Repeat exactly the lines of the records below, starting at the line containing "This paper presents" and ending at the line containing "Klávesnice a myš". Leave the pictures out.

Input data:
___

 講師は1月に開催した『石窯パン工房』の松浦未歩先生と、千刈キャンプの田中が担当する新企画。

___

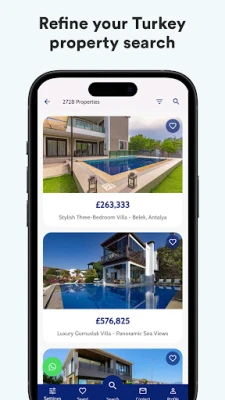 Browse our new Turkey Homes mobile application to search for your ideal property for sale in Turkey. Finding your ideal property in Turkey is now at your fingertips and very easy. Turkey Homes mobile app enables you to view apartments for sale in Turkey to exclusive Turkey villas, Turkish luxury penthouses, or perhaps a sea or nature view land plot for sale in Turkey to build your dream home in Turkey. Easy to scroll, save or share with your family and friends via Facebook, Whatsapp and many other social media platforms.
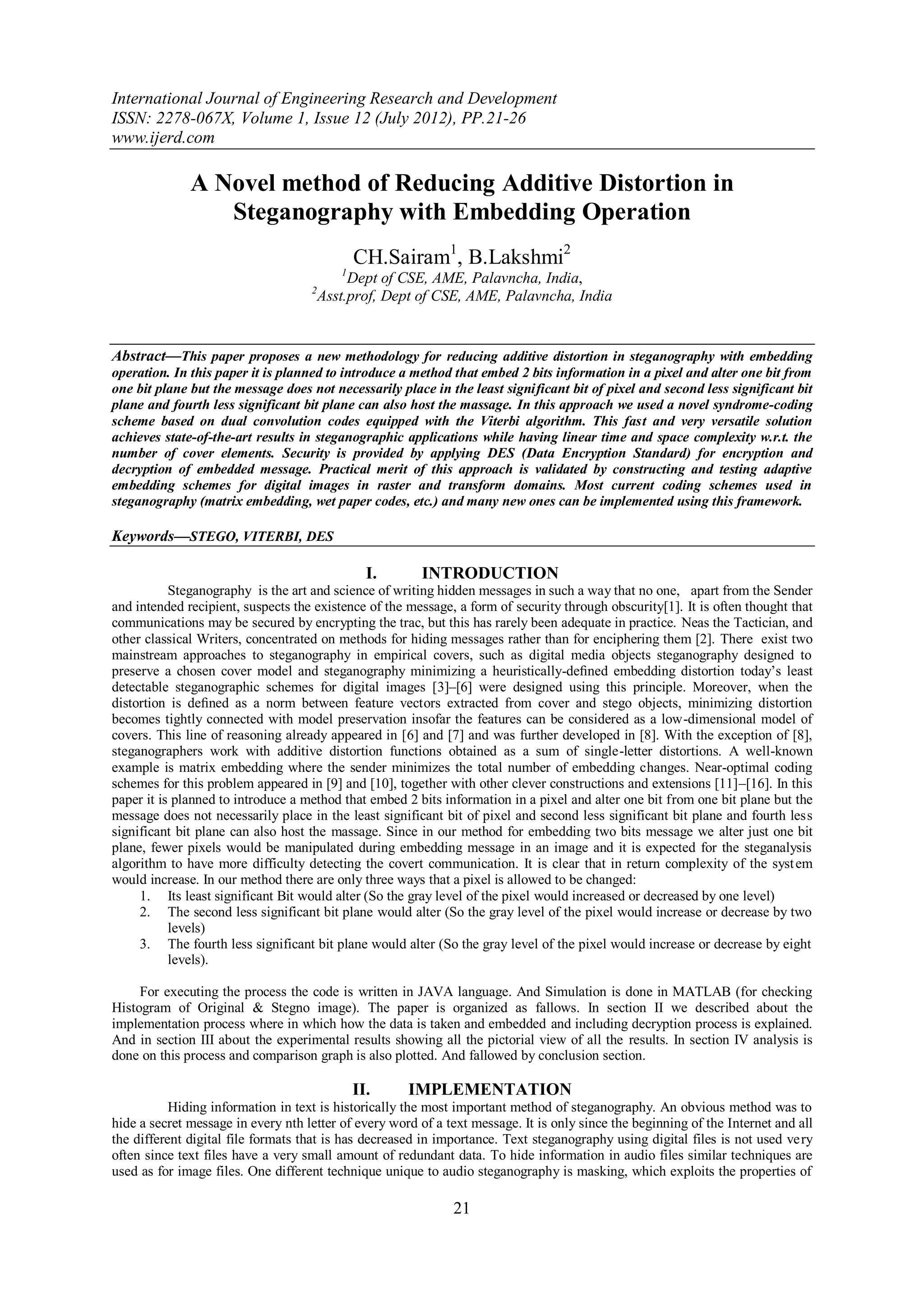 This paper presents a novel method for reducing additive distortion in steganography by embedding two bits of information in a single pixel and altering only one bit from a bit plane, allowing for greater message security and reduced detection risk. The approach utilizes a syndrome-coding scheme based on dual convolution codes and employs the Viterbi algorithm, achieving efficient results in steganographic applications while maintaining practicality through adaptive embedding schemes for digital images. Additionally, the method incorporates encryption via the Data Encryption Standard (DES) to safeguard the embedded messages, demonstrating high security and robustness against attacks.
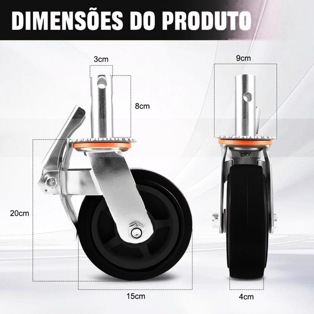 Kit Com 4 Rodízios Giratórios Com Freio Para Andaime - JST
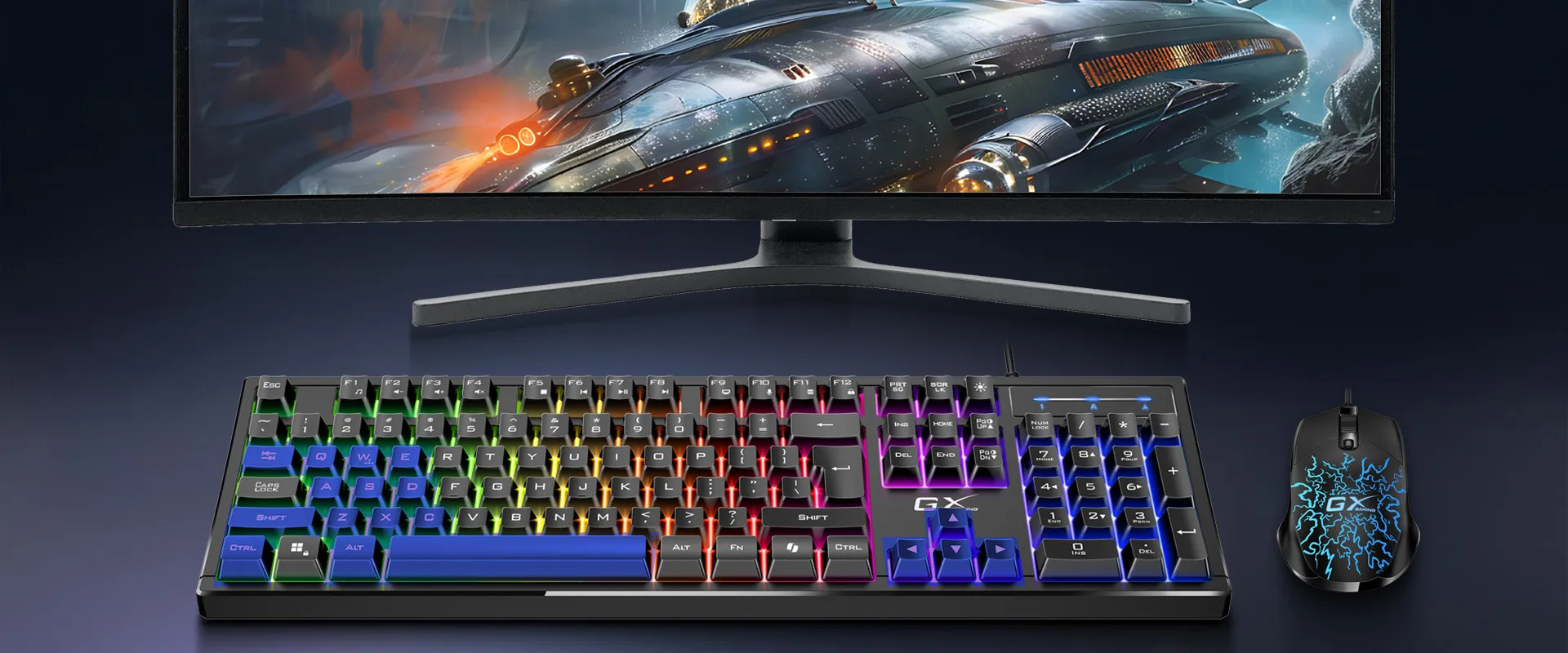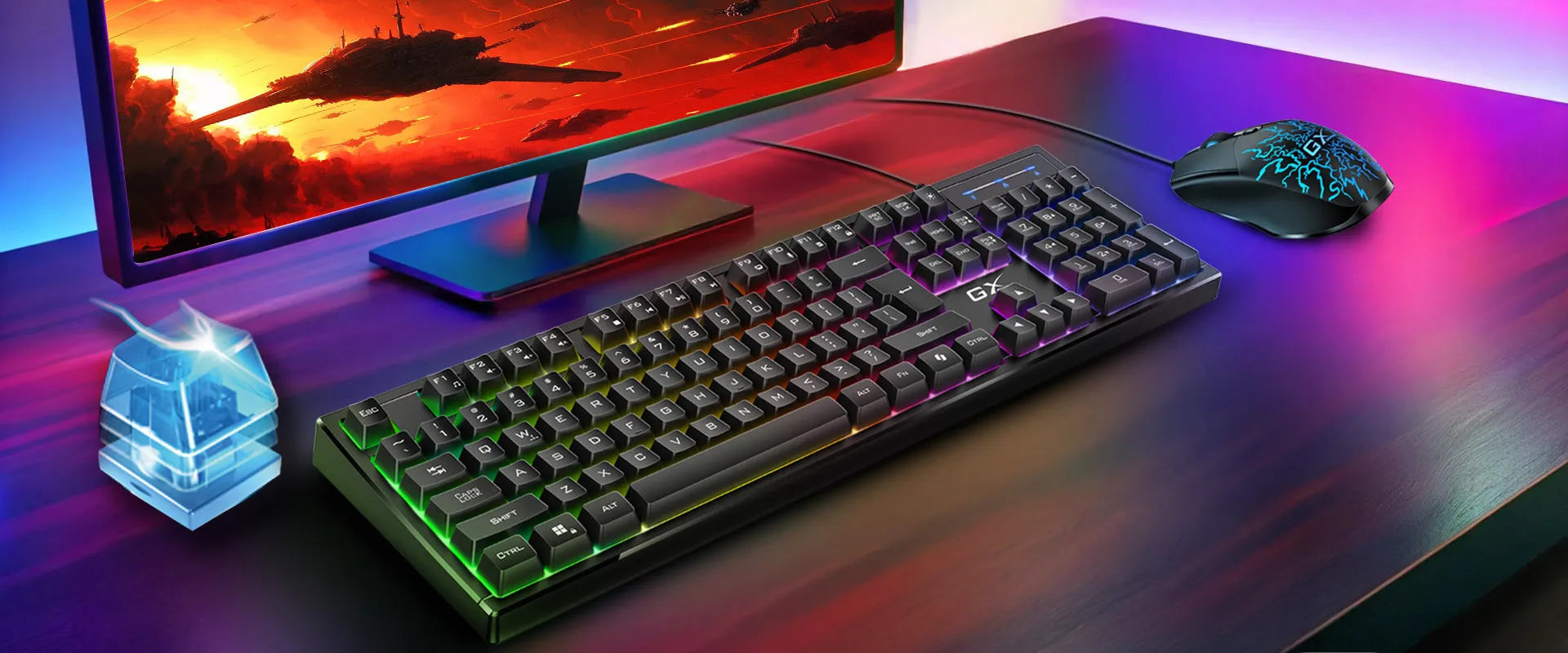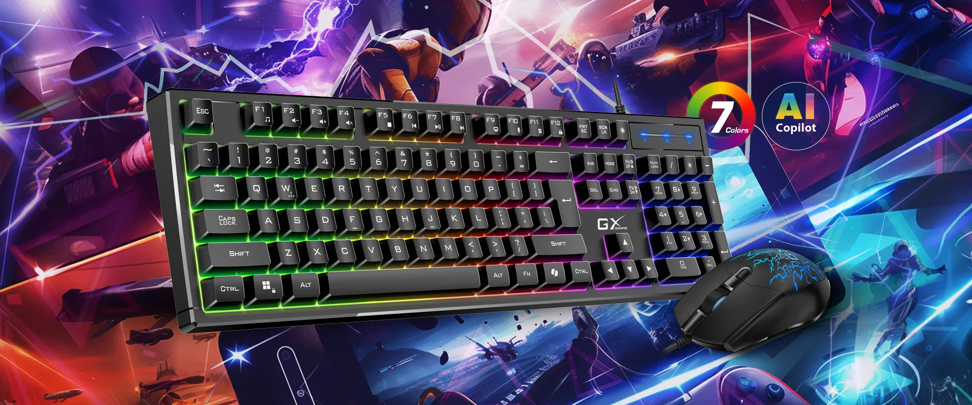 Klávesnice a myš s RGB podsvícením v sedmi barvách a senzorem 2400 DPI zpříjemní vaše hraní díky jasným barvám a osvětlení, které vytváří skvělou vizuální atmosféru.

___

Output:
 This paper presents a novel method for reducing additive distortion in steganography by embedding two bits of information in a single pixel and altering only one bit from a bit plane, allowing for greater message security and reduced detection risk. The approach utilizes a syndrome-coding scheme based on dual convolution codes and employs the Viterbi algorithm, achieving efficient results in steganographic applications while maintaining practicality through adaptive embedding schemes for digital images. Additionally, the method incorporates encryption via the Data Encryption Standard (DES) to safeguard the embedded messages, demonstrating high security and robustness against attacks.
 Kit Com 4 Rodízios Giratórios Com Freio Para Andaime - JST
 Klávesnice a myš s RGB podsvícením v sedmi barvách a senzorem 2400 DPI zpříjemní vaše hraní díky jasným barvám a osvětlení, které vytváří skvělou vizuální atmosféru.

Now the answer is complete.